Antibiotiques: pourquoi la pénurie d'amoxicilline perdure dans certaines pharmacies

La pénurie se poursuit. Alors que la période des infections respiratoires et autres épisodes épidémiques est installée, les patients ont de plus en plus de mal à se procurer certains antibiotiques, en rupture de stock dans plusieurs pharmacies. Parmi eux, l'amoxicilline, dont la solution buvable est la plus utilisée afin de soigner les jeunes enfants, par exemple touchés par des angines bactériennes.

Comme le rappelle Le Parisien, en marge d'une réunion avec le ministre de la Santé Aurélien Rousseau, Philippe Besset, président de la fédération des syndicats pharmaceutiques de France, indiquait que 60% des officines n’ont pas ou quasiment pas d’amoxicilline.

Les pharmaciens alarment

Dans de nombreuses pharmacies françaises, la colère gronde. Auprès de BFMTV, Éric Myon, pharmacien titulaire, évoque une situation "pire que celle de l’hiver dernier."

"L’hiver dernier, on était face à une rupture d’antibiotiques, essentiellement l’amoxicilline dans sa version pédiatrique, puis dans sa version adulte. Là, alors qu’on est même pas mi-décembre, les besoins en antibiotiques sont encore supérieurs à l’année dernière et les stocks sont encore plus faibles", dit-il.

Selon lui, cette situation est également responsable d'une surcharge de travail pour les pharmaciens touchés par cette pénurie.

"Ça représente quasiment une à deux heures de temps pharmacien perdu à rechercher auprès de notre quatre grossistes répartiteurs les soi-disant produits que nos autorités sanitaires et laboratoires industriels disent disponibles, et qui ne le sont pas du tout", précise-t-il.

Une rétention des industriels?

Quelle est l'origine de ce manque? Invitée sur BFMTV, Béatrice Clairaz-Mahiou, présidente du syndicat des pharmaciens des Hauts-de-Seine l'assure: il "n'y a pas une seule explication."

"80% des principes actifs sont fabriqués en Inde et en Chine et la demande mondiale a explosé, ils ont gardé leur matière première. Il y a aussi un problème sur les conditionnements, il y a du flaconnage, de l'emballage et des problèmes sur ces chaînes de fabrication. Il y a aussi des stocks qui n’arrivent pas", pointe-t-elle.
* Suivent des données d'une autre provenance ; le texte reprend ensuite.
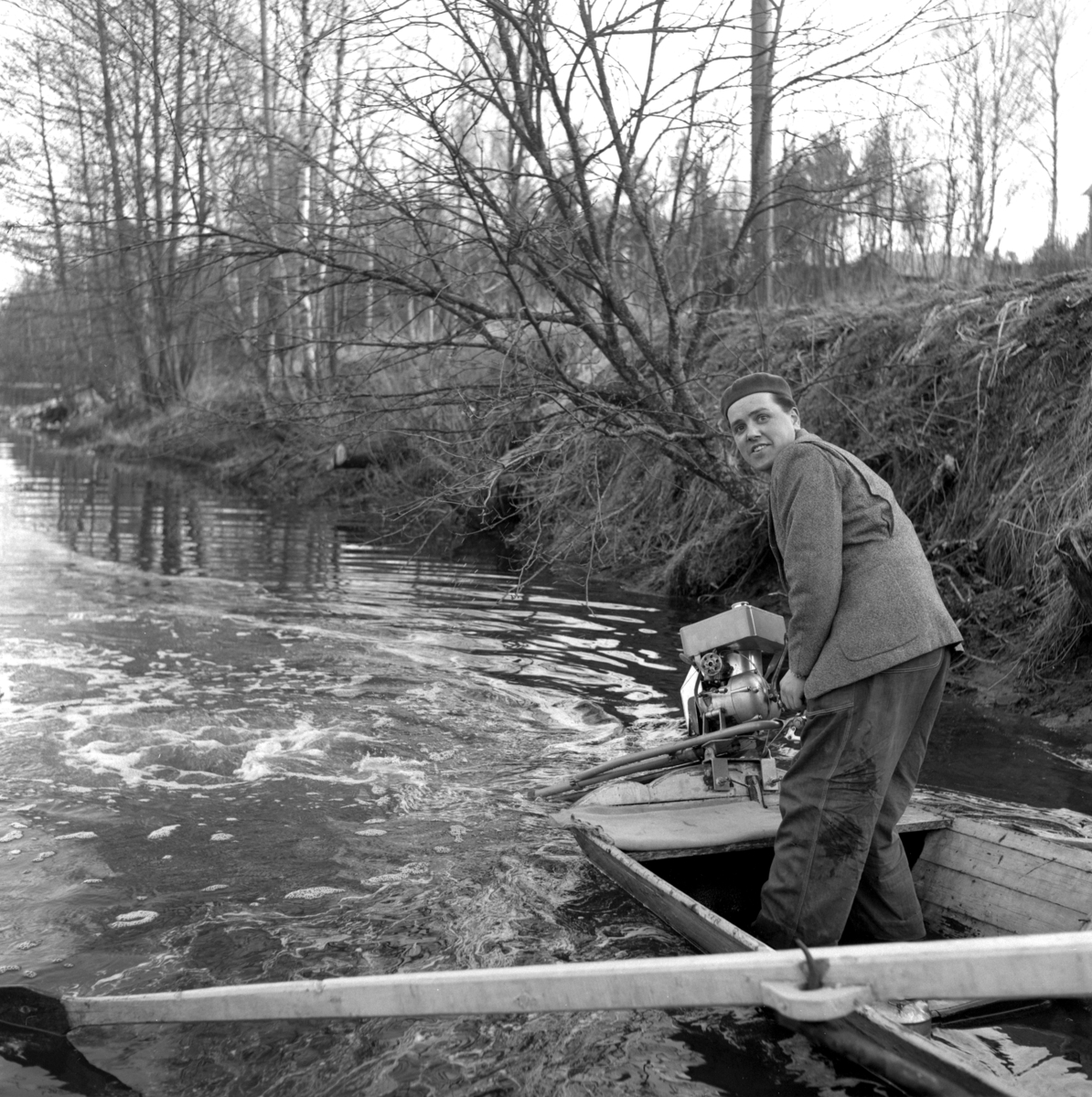 Titel: Båttävling på Ljusnaren, en man i en båt. Bertil Dammström, Vintersvik.

Pourtant, et c'est là que le bât blesse, ces antibiotiques, amoxicilline en tête, sont bel et bien disponibles en grande quantité chez les industriels, signale l'ANSM. Pourquoi alors, en bout de chaîne, les pharmaciens mettent parfois jusqu'à une semaine à se fournir chez leurs grossistes, qui ont également peu de stocks?

Une situation ubuesque pour laquelle Pierre-Olivier Variot, président de l’Union des Syndicats des Pharmaciens d’Officine, confirme les chiffres. "On est sur des volumes de sorties de médicament en 2023 qui sont à peu près identiques à celles de 2019, or en 2019 il n’y avait aucune rupture. On a l’impression qu’il y a un blocage des stocks chez les industriels", pointe-t-il.
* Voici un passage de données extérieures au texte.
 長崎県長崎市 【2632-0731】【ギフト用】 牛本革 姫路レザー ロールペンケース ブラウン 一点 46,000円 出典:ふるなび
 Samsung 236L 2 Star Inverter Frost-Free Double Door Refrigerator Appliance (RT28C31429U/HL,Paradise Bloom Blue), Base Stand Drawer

Selon lui, certains laboratoires n'hésitent pas à tenter de profiter de la situation et de vendre directement les médicaments aux pharmaciens, de manière détournée.

"Il y a même parfois des chantages aux médicaments qui se font. Moi il y a un laboratoire qui est venu me dire ‘j’ai des stocks d’amoxicilline, si vous me commandez pour 10.000 euros de médicaments, je vous en livre'", révèle-t-il.

Autogestion et "New Deal"

Face à ces ruptures, les pharmaciens sont bien forcés de s'adapter et de fabriquer eux-mêmes leurs antibiotiques. Éric Myon souligne que son officine fait partie de 41 pharmacies qui "sous-traitent ces préparations pour l’ensemble des pharmacies de France."

"On a fait 6.000 gélules d’amoxicilline aujourd’hui, ce qui va permettre de réaliser 400 petites boîtes de 15 gélules", liste-t-il.

Lancée en janvier passé, une mission interministérielle, missionnée par Matignon, a appelé en août dernier à effectuer un "New Deal" de toute la chaîne pharmaceutique, qui irait des industriels jusqu'aux patients, afin de se prémunir de ce genre de situations.